Quick-Step Floors manager Patrick Lefevere thinks Bouhanni should have been given a heavier penalty
Television footage shows French sprinter, who boxes in his spare time, take his right hand off the bars and reach out for Bauer around 7.3km away from the sprint finish. The jury responded by giving him a 200 Swiss Franc fine and penalised him one minute in the general classification.
“It’s a joke,” Quick-Step Floors general manager Patrick Lefevere told Cycling Weekly of the penalty. “How can you give someone a one-minute penalty if they are already one hour, 29 minutes behind the yellow jersey?

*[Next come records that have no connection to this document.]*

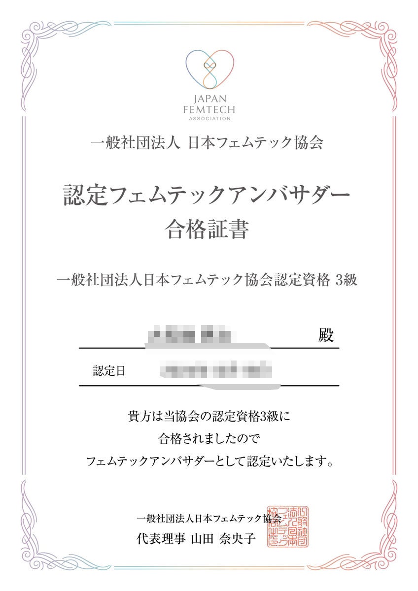 株式会社ウエルネスラボでは、社員全員が日本フェムテック協会認定資格3級を取得し、フェムテックアンバサダーとして認定されました。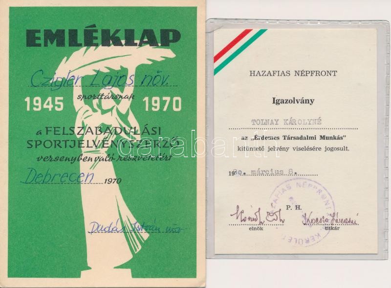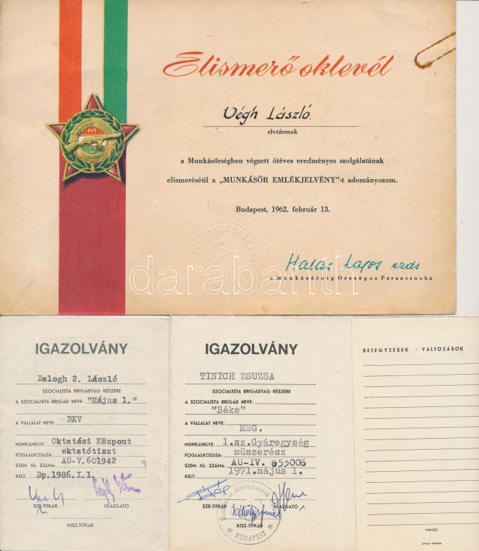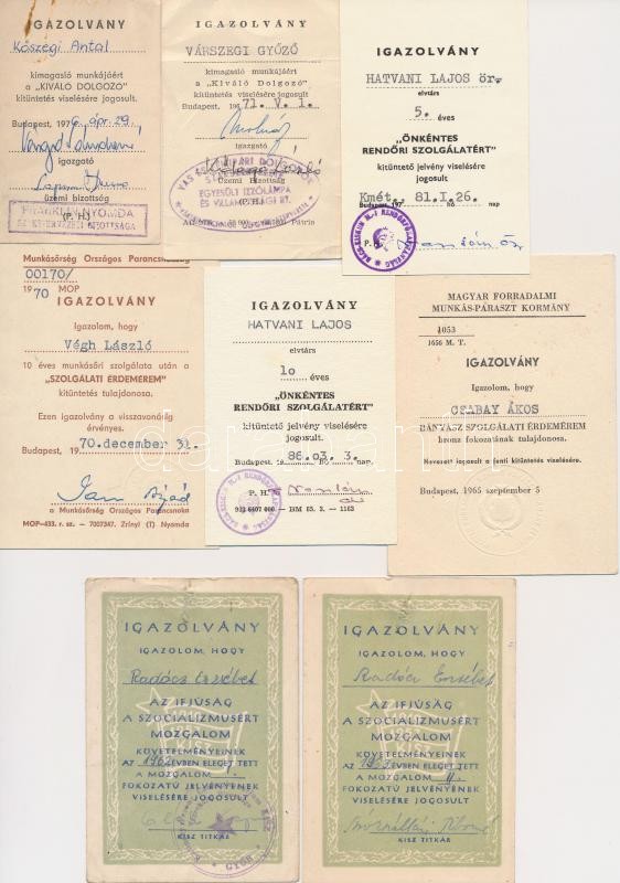 15db-os oklevél és igazolvány tétel, benne "Bányász Szolgálati Érdemérem", "Önkéntes Rendőri Szolgálatért", "Az ifjúság a szocializmusért mozgalom", "Érdemes Társadalmi Munkás" igazolványok, "Munkásőr Emlékjelvény" elismerő oklevél T:vegyes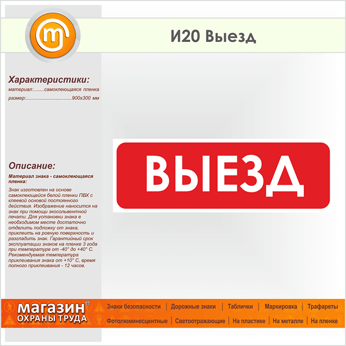 Знак «Выезд», И20 (пленка, 900х300 мм) в Хотьково купить

It’s a joke.
“They don’t have to put them out of the race, but at least give him a 10,000 euro [fine] and say ‘listen, you pay all of that to a charity and if we see it again, it’s over’. But not 200 Swiss francs, which could pay for the Champagne for the evening.”
Watch: Tour de France stage 10 highlights
The UCI Jury President Philippe Marien said that he will not make any comparisons to the Peter Sagan (Bora-Hansgrohe), who was disqualified from the race following an incident that caused Mark Cavendish (Dimension Data) to crash on stage four.
He explained they warned Bouhanni to keep his hands on the handlebars, but also took a look at the surrounding circumstances.
“In any circumstance, a rider has to keep his hands on the handlebars,” added Lefevere. “There’s no excuse, nothing at all.”
Quick-Step approached the jury after the sprint finish yesterday and the sports directors spoke with Marien again this morning near the team’s bus. The team yesterday celebrated their fourth stage win of the 2017 Tour with Marcel Kittel.
Bauer led Kittel into the final. Afterwards, he said that he had no need to approach Bouhanni.
“I put it behind me the second that it occurred and refocussed on the sprint,” the New Zealander said. “That’s what we are here to do, win races and not to make petty comments or make annoyances in the bunch.
“I didn’t expect a penalty at all. I don’t think there was an incident out there that needed any repercussions.
“It’s not a granfondo, it’s not a charity or a bunch ride, it’s the Tour de France and it’s a high stakes, fast, aggressive sprint final. I come into a sprint finish like that expecting aggression from other riders and rivals teams, especially from other rival teams who are under pressure to win.
“I understand that Bouhanni needs to win, Cofidis needs to win. They are in France and they have a big sprinter here. It’s obvious they will be aggressive and do what they can to beat Marcel, but unfortunately at this Tour de France, it’s not going to happen.”